Metadata-Version: 2.4
Name: vcti-nputils
Version: 1.5.0
Summary: NumPy structured array utilities — joining, flattening, field views, enum mapping, position arrays, and a dynamic (std::vector-like) array
Author: Visual Collaboration Technologies Inc.
Requires-Python: <3.15,>=3.12
Description-Content-Type: text/markdown
License-File: LICENSE
Requires-Dist: numpy>=2.0
Provides-Extra: test
Requires-Dist: pytest; extra == "test"
Requires-Dist: pytest-cov; extra == "test"
Provides-Extra: lint
Requires-Dist: ruff; extra == "lint"
Provides-Extra: typecheck
Requires-Dist: mypy; extra == "typecheck"
Requires-Dist: numpy; extra == "typecheck"
Provides-Extra: bench
Requires-Dist: tabulate; extra == "bench"
Dynamic: license-file

# NumPy Utils

NumPy structured array utilities — dtype construction, field views, joining, enum mapping, position arrays, byte/string conversion for C++ interop, and growable (`std::vector`-like) arrays.

## Overview

`vcti-nputils` collects the low-level NumPy helpers shared across the vcti
stack.
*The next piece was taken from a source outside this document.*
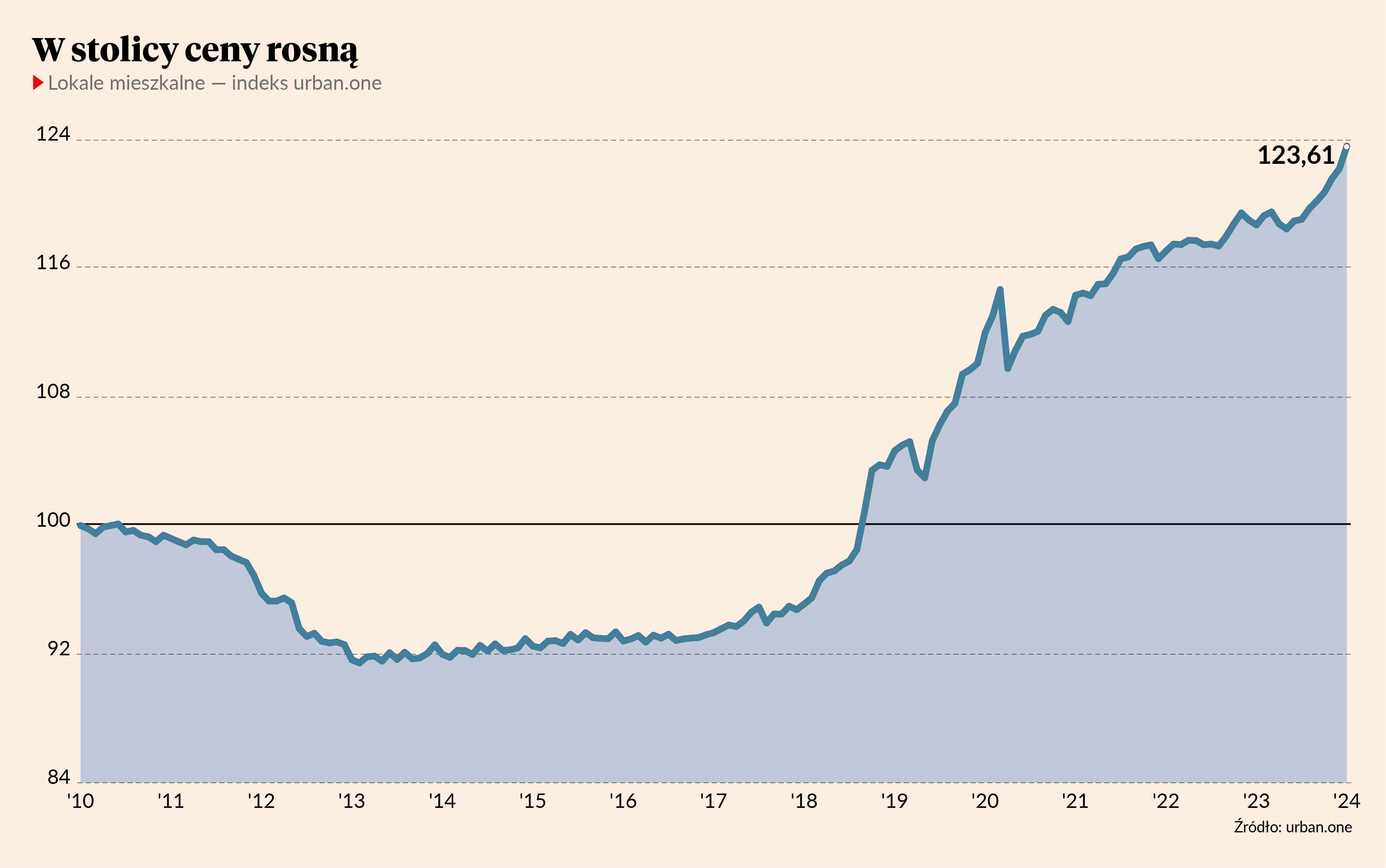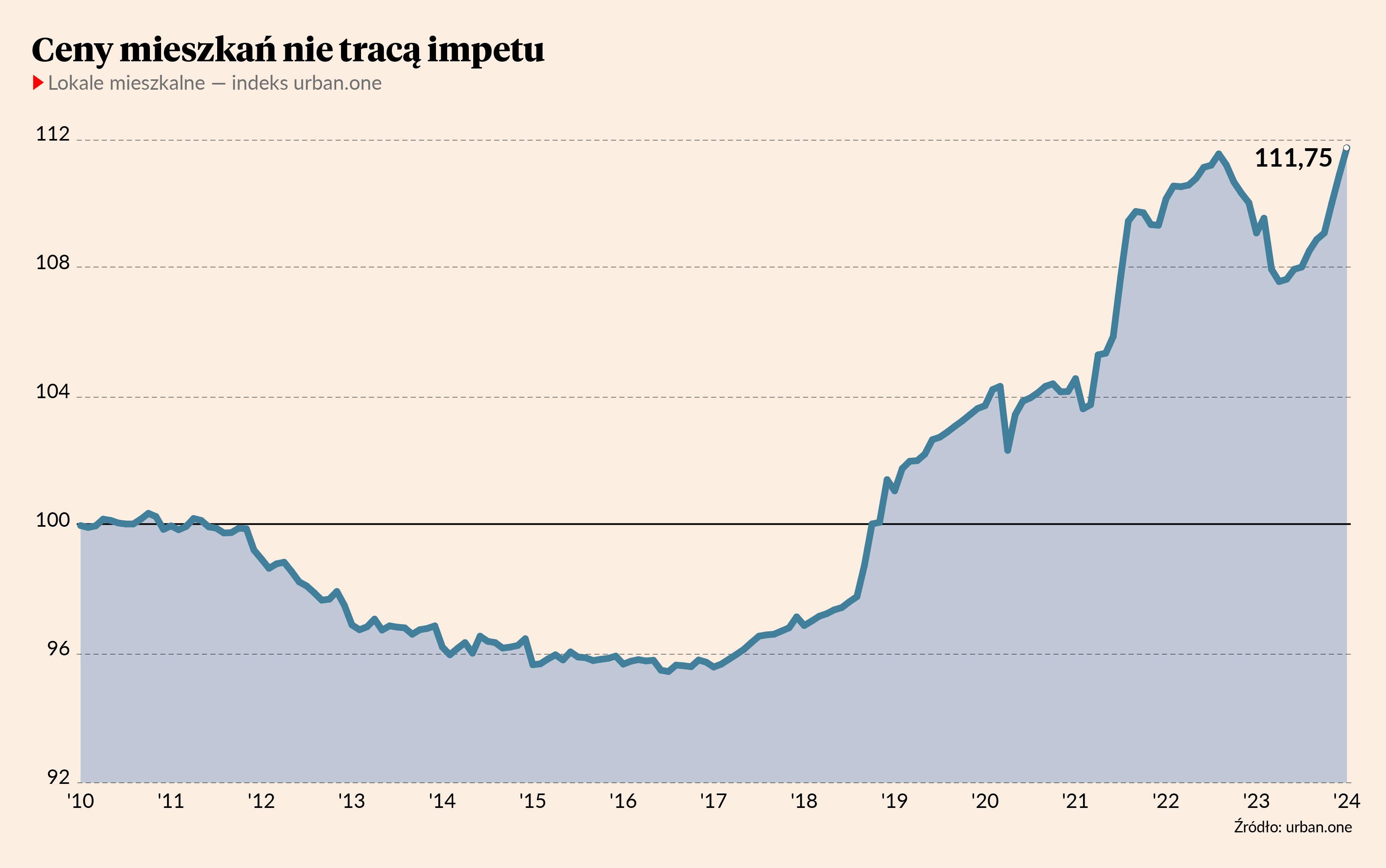 Ceny mieszkań w umowach notarialnych nadal rosły: w całej Polsce, w dużych miastach oraz w stolicy. Rosły też ceny gruntów pod zabudowę — wynika z raportu Cenatorium opracowanego dla „Pulsu Biznesu” i Bankier.pl. W styczniu wartość indeksu urban.one dotyczącego lokali mieszkalnych w Polsce wyniosła 111,75 pkt, co było wartością wyższą o 0,83 pkt od wartości z grudnia 2023 r.

Most of it is stateless functions over structured arrays and
dtypes — building and reshaping dtypes, taking zero-copy field views,
joining arrays, mapping enum values, and converting byte fields for
pybind11/C++ interop. Alongside those it provides two small stateful
containers for building a numpy array of unknown final size:
`GrowableArray` (append-only — the common case) and `DynamicArray`
(the same growth model plus soft deletion). Both grow on demand and hand
off a plain contiguous array via `to_numpy()` for the read-heavy phase.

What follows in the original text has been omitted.